======== Data for analysis ========

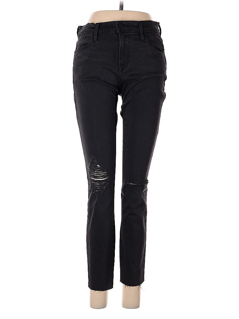 FRAME Denim Jeans, Size: 29. Item Details: Black, Stars Pattern, Coated Wash, Skinny Leg, Cropped, High Rise, Women's Bottoms, Modal/Cotton/Polyester
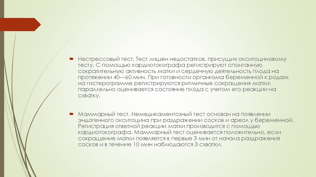 Нестрессовый тест. Тест лишен недостатков, присущих окситоциновомутесту. С помощью кардиотокографа регистрируют спонтанную
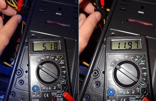 После того как блок питания включился, можно приступать к следующему этапу проверки блока питания компьютера на работоспособность. На этом этапе мы будем проверять напряжения, которые он выдает или не выдает. Для этого берем тестер, выставляем его в режим проверки напряжения постоянного тока и проверяем какие напряжения присутствуют между оранжевым и черным проводом, между красным и черным, а также между желтым и черным (фото внизу).
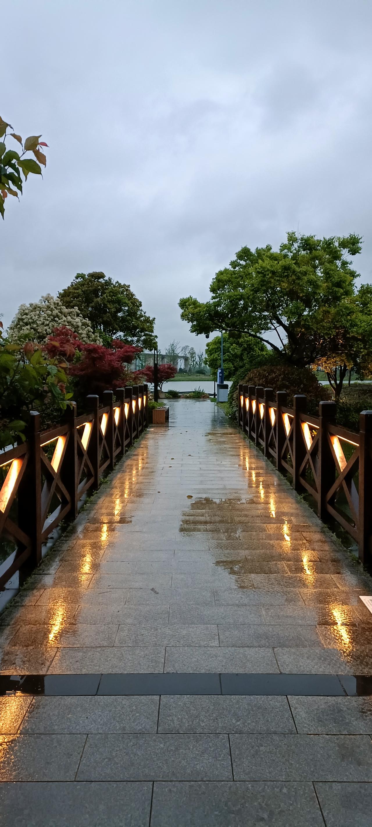 雨后漫步,湿漉漉的石板路,两旁是温暖的灯光,仿佛置身于童话世界。🌧️💡✨ 上联:雨后园林路, 下联:绿树映长廊。
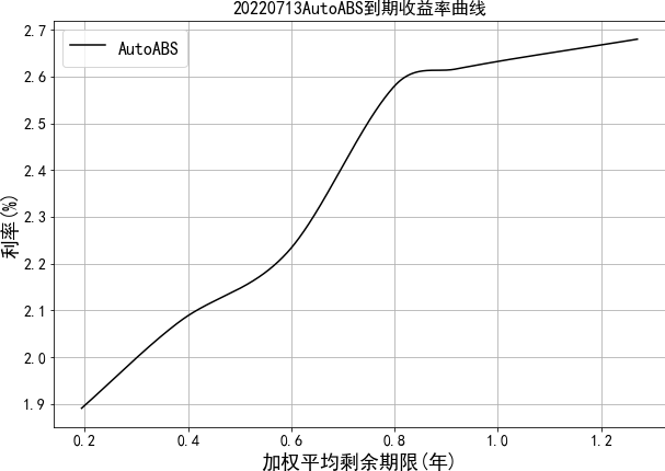 中债资信资产支持证券收益率曲线体系主要包括RMBS收益率曲线和汽车贷收益率曲线。RMBS收益率为市场首创,样本券包含市场主要RMBS发起机构如工行、建行、中行、农行等的产品。目前编制曲线的级别为中债资信AAA级,曲线类型为到期收益率曲线。编制方法为插值法。中债资信资产支持证券收益率曲线每工作日发布一次。
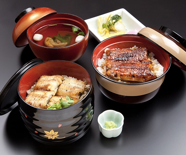 自慢のタレでじっくりと焼き上げた「蒲焼きの小丼」と、岩塩や出汁醤油で食す「白焼きの小丼」の両方の味が楽しめる『二食小丼』が一番人気!
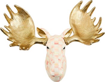 Gilt antlers highlight the brand's signature checks that decorate this statement-making moose that brings an ample amount of whimsy to your decor.
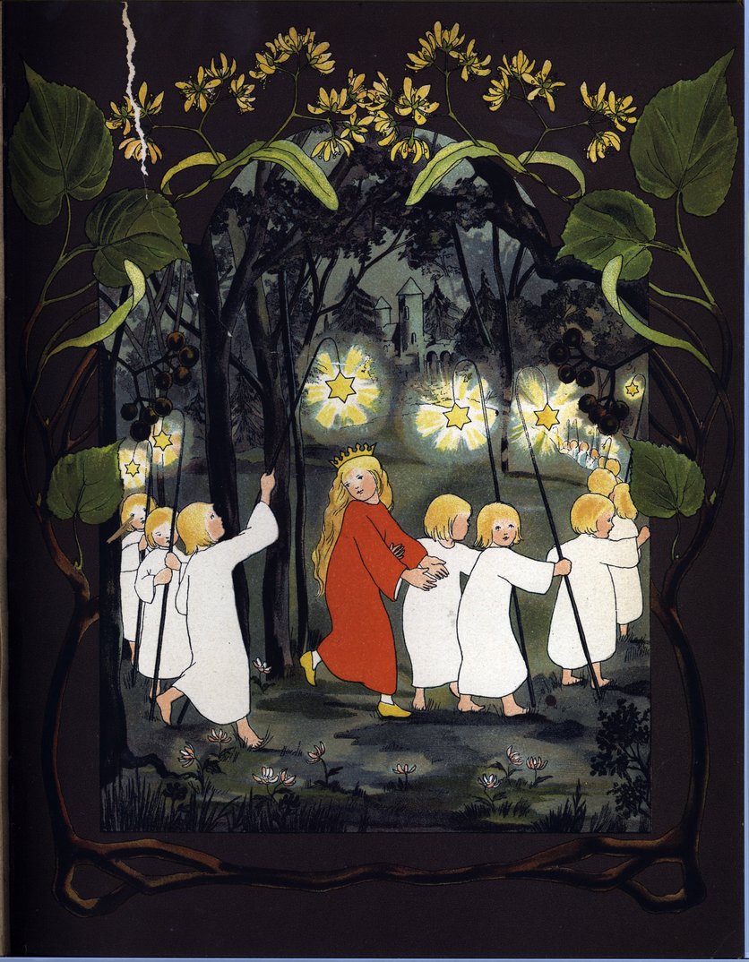 At last darkness fell and many bright little Star Children came with their star lanterns to light the little Princess home through the deep wood. She was sleepy, for she had laughed and worked and played all day, and was glad to see the towers of her father’s castle through the trees when the friendly Star Children had led her safely home.
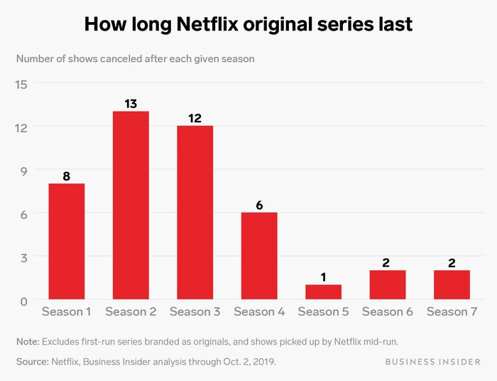 Em outubro de 2019, a Business Insider realizou uma pesquisa sobre quantas temporadas foram disponibilizadas para uma série original da Netflix antes dela ser cancelada. No estudo foram excluídas minisséries (como Alias Grace), produções em que a Netflix concede os direitos de primeira execução (como Better Call Saul) e séries que foram adicionadas no catálogo no meio da execução (como Lucifer).

========

## Exercise
In the listing above, find the line containing "После того как" and the line containing "Gilt antlers highlight", then return both of them and every line between, exactly, without pictures.

## Task result
 После того как блок питания включился, можно приступать к следующему этапу проверки блока питания компьютера на работоспособность. На этом этапе мы будем проверять напряжения, которые он выдает или не выдает. Для этого берем тестер, выставляем его в режим проверки напряжения постоянного тока и проверяем какие напряжения присутствуют между оранжевым и черным проводом, между красным и черным, а также между желтым и черным (фото внизу).
 雨后漫步,湿漉漉的石板路,两旁是温暖的灯光,仿佛置身于童话世界。🌧️💡✨ 上联:雨后园林路, 下联:绿树映长廊。
 中债资信资产支持证券收益率曲线体系主要包括RMBS收益率曲线和汽车贷收益率曲线。RMBS收益率为市场首创,样本券包含市场主要RMBS发起机构如工行、建行、中行、农行等的产品。目前编制曲线的级别为中债资信AAA级,曲线类型为到期收益率曲线。编制方法为插值法。中债资信资产支持证券收益率曲线每工作日发布一次。
 自慢のタレでじっくりと焼き上げた「蒲焼きの小丼」と、岩塩や出汁醤油で食す「白焼きの小丼」の両方の味が楽しめる『二食小丼』が一番人気!
 Gilt antlers highlight the brand's signature checks that decorate this statement-making moose that brings an ample amount of whimsy to your decor.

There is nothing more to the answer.